Task requirements
Go to the line with "yang mengurusi pandemic." in the records below, then output it and each following line exactly, up to and including the line with "Fototapeta Beautiful Jellyfish". Skip pictures and add nothing.

Exercise input
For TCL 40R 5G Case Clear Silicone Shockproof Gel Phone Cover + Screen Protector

==

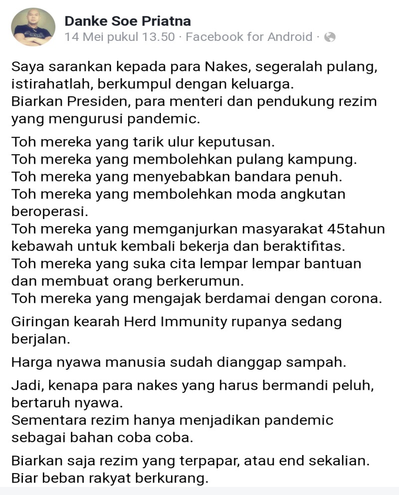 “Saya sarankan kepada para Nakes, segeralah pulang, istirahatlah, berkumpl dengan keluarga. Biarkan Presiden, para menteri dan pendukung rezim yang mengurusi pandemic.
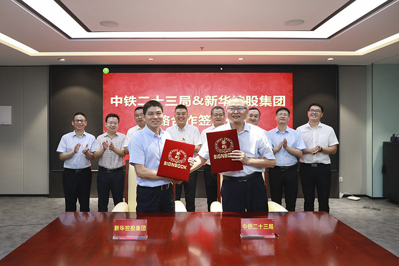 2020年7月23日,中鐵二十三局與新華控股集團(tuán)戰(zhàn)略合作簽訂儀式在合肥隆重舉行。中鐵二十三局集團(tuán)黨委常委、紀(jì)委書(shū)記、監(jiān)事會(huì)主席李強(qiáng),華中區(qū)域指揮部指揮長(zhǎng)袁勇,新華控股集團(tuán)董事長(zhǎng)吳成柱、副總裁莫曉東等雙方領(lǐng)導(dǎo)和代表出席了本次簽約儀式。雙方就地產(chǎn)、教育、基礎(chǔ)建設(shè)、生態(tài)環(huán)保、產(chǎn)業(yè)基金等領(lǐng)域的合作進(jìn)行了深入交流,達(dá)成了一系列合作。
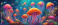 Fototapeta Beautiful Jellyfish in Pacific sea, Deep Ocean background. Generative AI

Completed exercise
 “Saya sarankan kepada para Nakes, segeralah pulang, istirahatlah, berkumpl dengan keluarga. Biarkan Presiden, para menteri dan pendukung rezim yang mengurusi pandemic.
 2020年7月23日,中鐵二十三局與新華控股集團(tuán)戰(zhàn)略合作簽訂儀式在合肥隆重舉行。中鐵二十三局集團(tuán)黨委常委、紀(jì)委書(shū)記、監(jiān)事會(huì)主席李強(qiáng),華中區(qū)域指揮部指揮長(zhǎng)袁勇,新華控股集團(tuán)董事長(zhǎng)吳成柱、副總裁莫曉東等雙方領(lǐng)導(dǎo)和代表出席了本次簽約儀式。雙方就地產(chǎn)、教育、基礎(chǔ)建設(shè)、生態(tài)環(huán)保、產(chǎn)業(yè)基金等領(lǐng)域的合作進(jìn)行了深入交流,達(dá)成了一系列合作。
 Fototapeta Beautiful Jellyfish in Pacific sea, Deep Ocean background. Generative AI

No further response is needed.